- **Exercise description**:
From the listing below, reproduce exactly the lines starting with the one with "- ⚔️ Командный" and going on through the one with "With beautiful illustrations, descriptive", both ends kept. No picture is copied.

- **Provided data**:
____
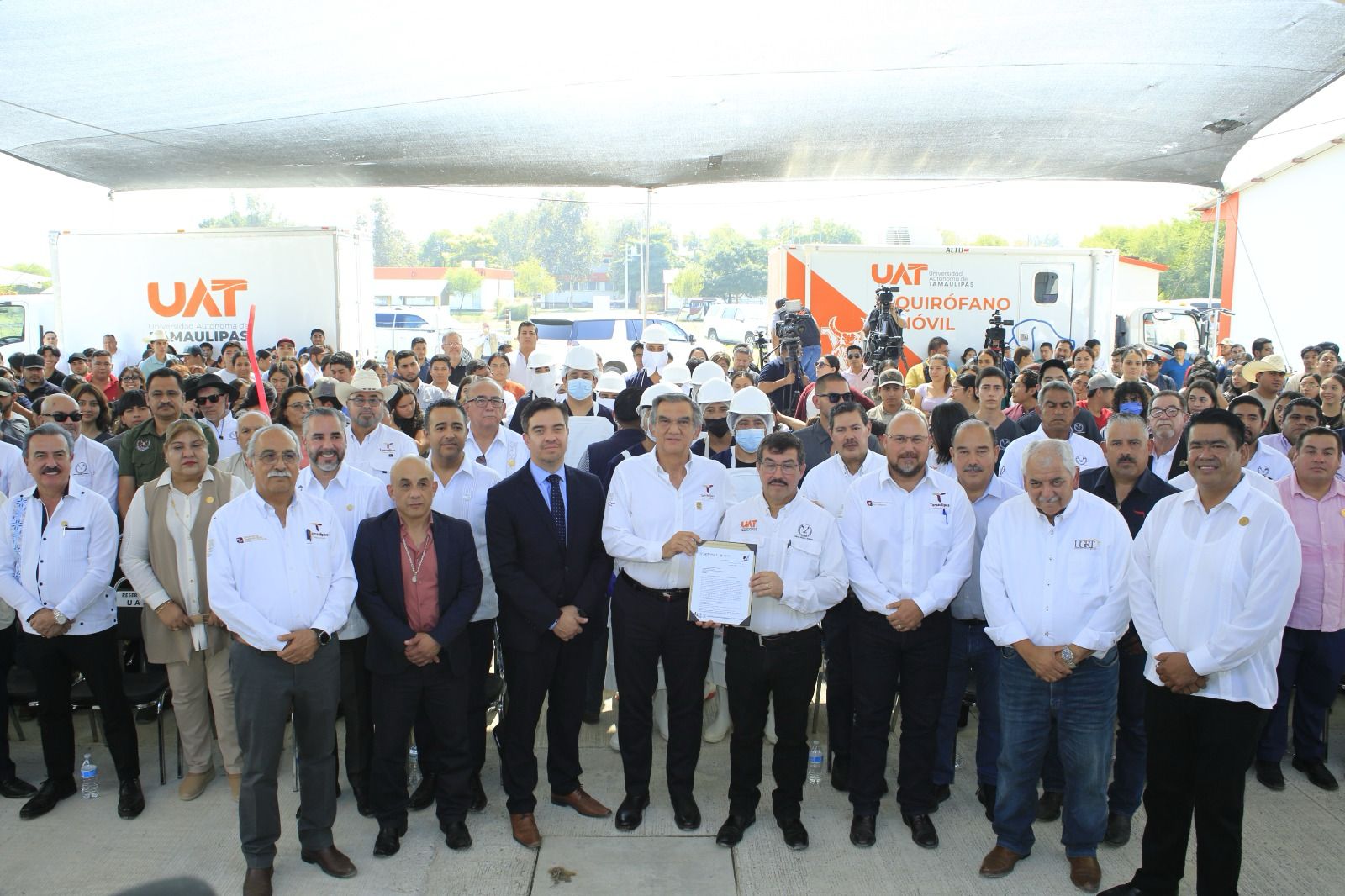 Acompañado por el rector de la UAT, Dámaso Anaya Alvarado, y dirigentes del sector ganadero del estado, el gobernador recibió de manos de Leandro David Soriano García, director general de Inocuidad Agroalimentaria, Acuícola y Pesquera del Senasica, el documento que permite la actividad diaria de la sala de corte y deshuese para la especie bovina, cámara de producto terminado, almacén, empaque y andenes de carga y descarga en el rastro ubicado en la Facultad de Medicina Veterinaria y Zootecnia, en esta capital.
____
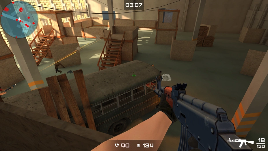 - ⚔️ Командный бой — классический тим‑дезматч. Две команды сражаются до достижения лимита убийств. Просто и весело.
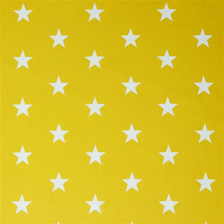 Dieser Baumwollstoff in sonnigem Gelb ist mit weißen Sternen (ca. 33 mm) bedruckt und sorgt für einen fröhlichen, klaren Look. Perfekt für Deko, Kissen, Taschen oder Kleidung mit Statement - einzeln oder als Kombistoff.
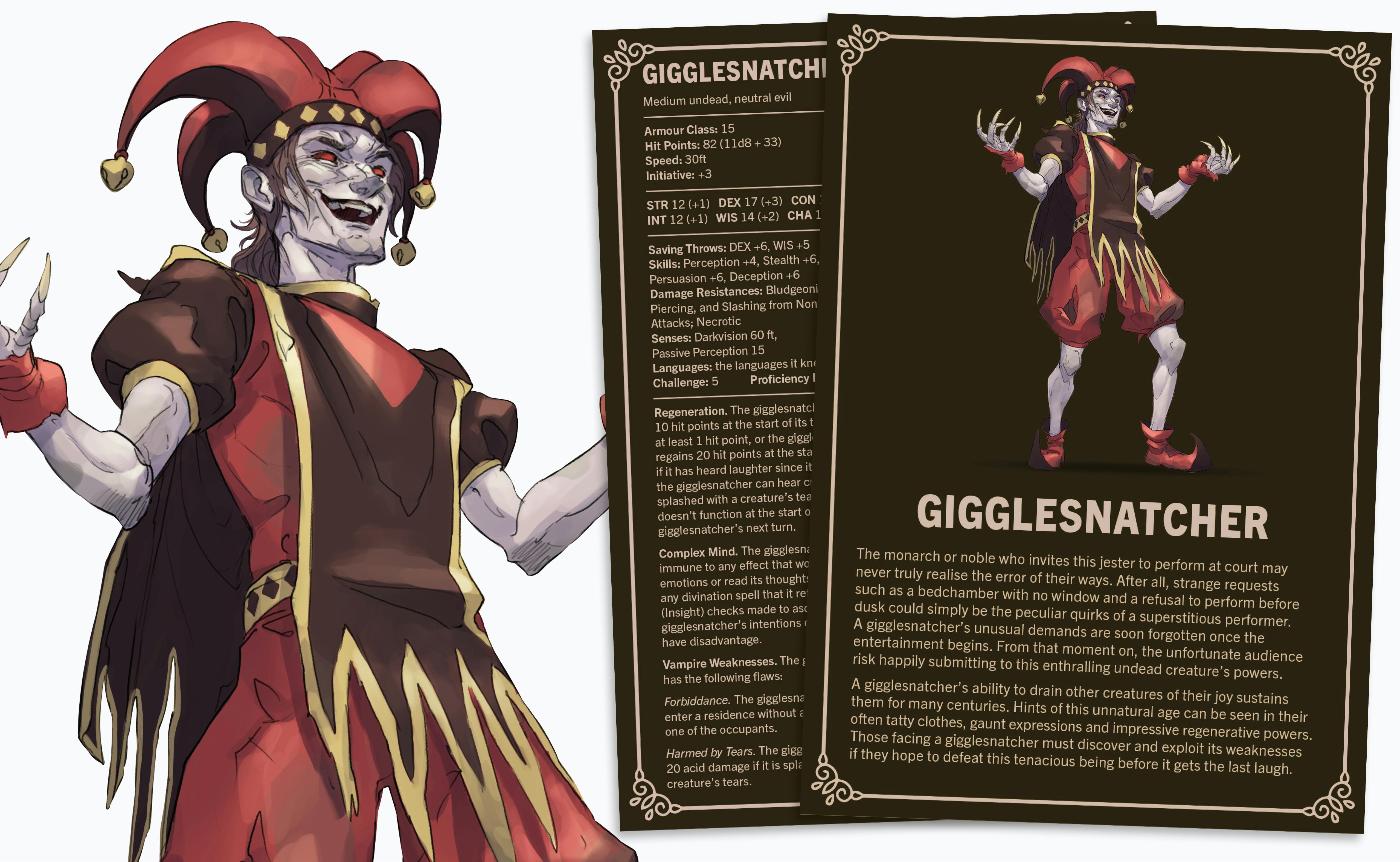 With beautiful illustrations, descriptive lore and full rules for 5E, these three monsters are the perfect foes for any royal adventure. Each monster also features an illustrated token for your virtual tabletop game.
____
- **Answer**:
 - ⚔️ Командный бой — классический тим‑дезматч. Две команды сражаются до достижения лимита убийств. Просто и весело.
 Dieser Baumwollstoff in sonnigem Gelb ist mit weißen Sternen (ca. 33 mm) bedruckt und sorgt für einen fröhlichen, klaren Look. Perfekt für Deko, Kissen, Taschen oder Kleidung mit Statement - einzeln oder als Kombistoff.
 With beautiful illustrations, descriptive lore and full rules for 5E, these three monsters are the perfect foes for any royal adventure. Each monster also features an illustrated token for your virtual tabletop game.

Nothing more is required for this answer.